Somehow all that I experienced in the two days we were at Joe and Beccas has special meaning to me. I'm not talking about good company, good food, playing and laughing with the boys. All that is wonderful without saying.

What I'm talking about is the way the world is and the way people survive in it. The book Joe gave to me somehow parallels all of these thoughts.

We are a country of people that for the most part depends on someone else for everyday survival.The supermarket, the gas station, the electric company, the water district,the department store and on and on.

It is inspirational to see Joe and Becca live a life that is so independent.The little farm onwhich they live reflects the strength and determination of pioneers and even civilizations long before them. I think of the civilizations that lived on the very land that Joe and Becca,Orin and Isaac now live.

The living,loving,laughing,and playing that went on in those little dwellings, were independent of things going on beyond the nearest horizon.

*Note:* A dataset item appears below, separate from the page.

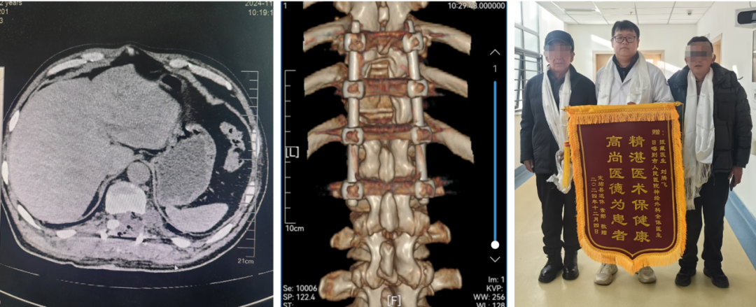 术后患者恢复非常好,术前症状完全消失,并无新发神经功能障碍。立竿见影的手术疗效,让患者及家属惊喜不已。术后复查胸椎X片及CT三维重建显示:内固定良好,肿瘤无残留。患者及家属对手术效果非常满意,对医院多学科诊疗团队的精湛技术和护理关怀感激不尽,出院时特地赠送锦旗表达感谢之情。
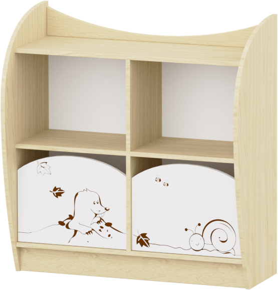 Kétfiókos kisszekrény, mezei állatos motívumokkal A bútor jellegzetessége a lágyan ívelt, szélesebb oldalelem, amelynek köszönhetően a polc kissé beljebb kerül, stabil és biztonságos elrendezést biztosítva. A felsőíves színes betét és az alsó, hozzá illő lábazat modern megjelenést ad. A kedves, mart mintás előlapokkal díszített szekrény játékos és barátságos hangulatot teremt a gyerekszobában vagy óvodai térben. A finoman megmunkált motívumok – például a kisvakond, csiga és a madárka – letisztult, természetközeli vonalvezetéssel készültek, amelyek időtálló megjelenést biztosítanak. A felső nyitott polcok könnyű hozzáférést adnak a mindennap használt játékokhoz, míg az alsó, mart mintás elemek esztétikusan rejtenek el kisebb holmikat. A mart díszítés időtálló, nem kopik le, és hosszú távon is megőrzi különleges, barátságos esztétikáját. A teljes konstrukció lekerekített élei és íves sarokkialakítása biztonságos választássá teszik bölcsődés és óvodás környezetbe egyaránt. A bútor 2 fiókos kialakítású. A fiókok fém síneken futnak, így használatuk stabil, (a fiókok nem esnek ki) biztonságos. A túlnyúló, felsőperemes kialakításnak köszönhetően a kisszekrény teteje is pakolható, semmi nem esik le róla. Szín: fehér-juhar Készreszerelt termék. Térbeállítható: Nem Mérete: 82x38x86 cm

If author Orlov is right,(and even if he isn't) that's probably the way we all should be striving to live.

Tuesday, August 2, 2011

Sickened writer :(

In what was the final chapter of our trip out west, I wrote about the final full day at Joe and Becca's house. I wrote it as a comment to the last entry I had written (as I have done all along). Little did I know that there is a limit to the number of words I can post as a'comment'. Unfortunately as I was attempting to transfer the writing (over 4000 words) from 'comment' to 'new post'I lost every bit of it. I cannot retrieve it. I am sickened.
I don't know if I can recall all the great things that inspired such a lengthy comment.
Sorry for such a long time in the writing. I really enjoyed recalling all the great things that happened while on our trip.
The time we spent at Joe and Becca's was very special. Over time I will attempt to retrace in my mind all that happened and document the story.